Pull Container Images with A License

Cohere provides access to container images through a registry authenticated with a license. Users can pull these images and replicate them in their environment, as needed, to avoid runtime network access from inside the cluster.

Images will come through the proxy.replicated.com registry. Pulling the images will require firewall access open to proxy.replicated.com and proxy-auth.replicated.com. More information on these endpoints may be found here.

To test pulling images with a license, modify your docker CLI configuration to include authentication details for the registry. Note: docker login will not work.

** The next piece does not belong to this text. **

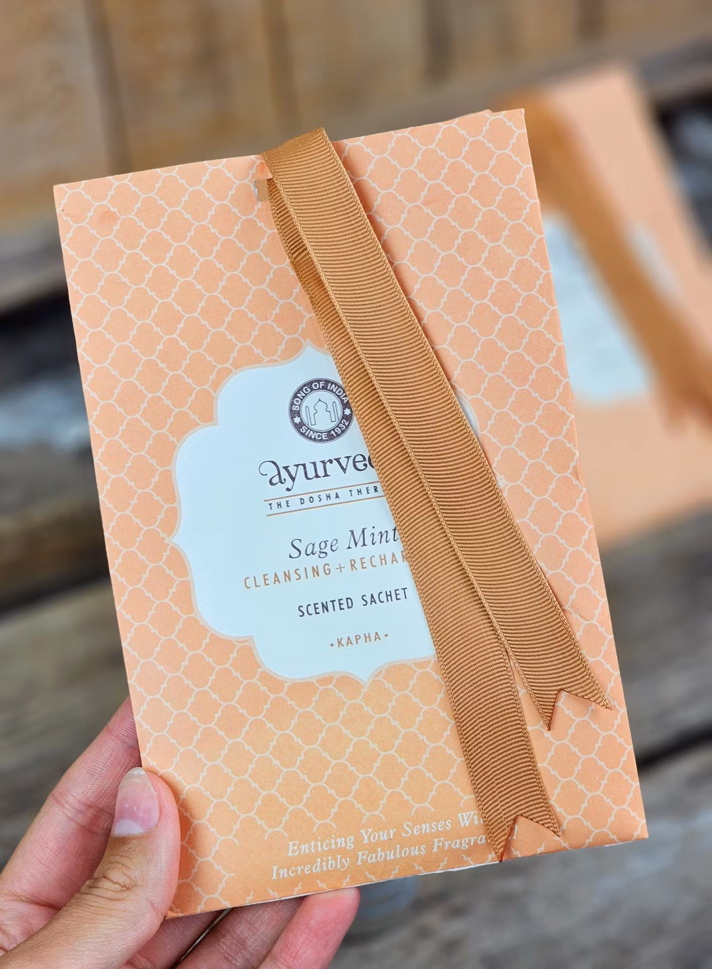 Doft: Kapha Sage Mint. (Salvia & Mint) Örtig och fräsch doft. Denna jordnära blandning av helig salvia renar omgivningen, medan myntbladens svalkande egenskaper håller dig laddad och pigg hela dagen. Passar bra med kapha dosha.

The docker CLI is only an example; any tool which can pull images with credentials will work with the license ID configured as both username and password. Skopeo is another popular tool for copying images between registries which will work with this flow.

🚧

The following commands will overwrite your existing docker CLI configuration with authentication details for Cohere’s registry. If preferred, you can manually add the authentication details to preserve your existing configuration.

LICENSE_ID="<YOUR LICENSE ID>"

cat <<EOF > ~/.docker/config.json 
{
    "auths": {
        "proxy.replicated.com": {
            "auth": "$(echo -n "${LICENSE_ID}:${LICENSE_ID}" | base64 | tr -d '\n')"
        }
    }
}
EOF

Validate that the authenticated image pull works correctly using the docker CLI:

CUSTOMER_TAG=image_tag_from_cohere # provided by Cohere
docker pull $CUSTOMER_TAG

You can now re-tag and replicate this image anywhere you want, using workflows appropriate to your air-gapped environment.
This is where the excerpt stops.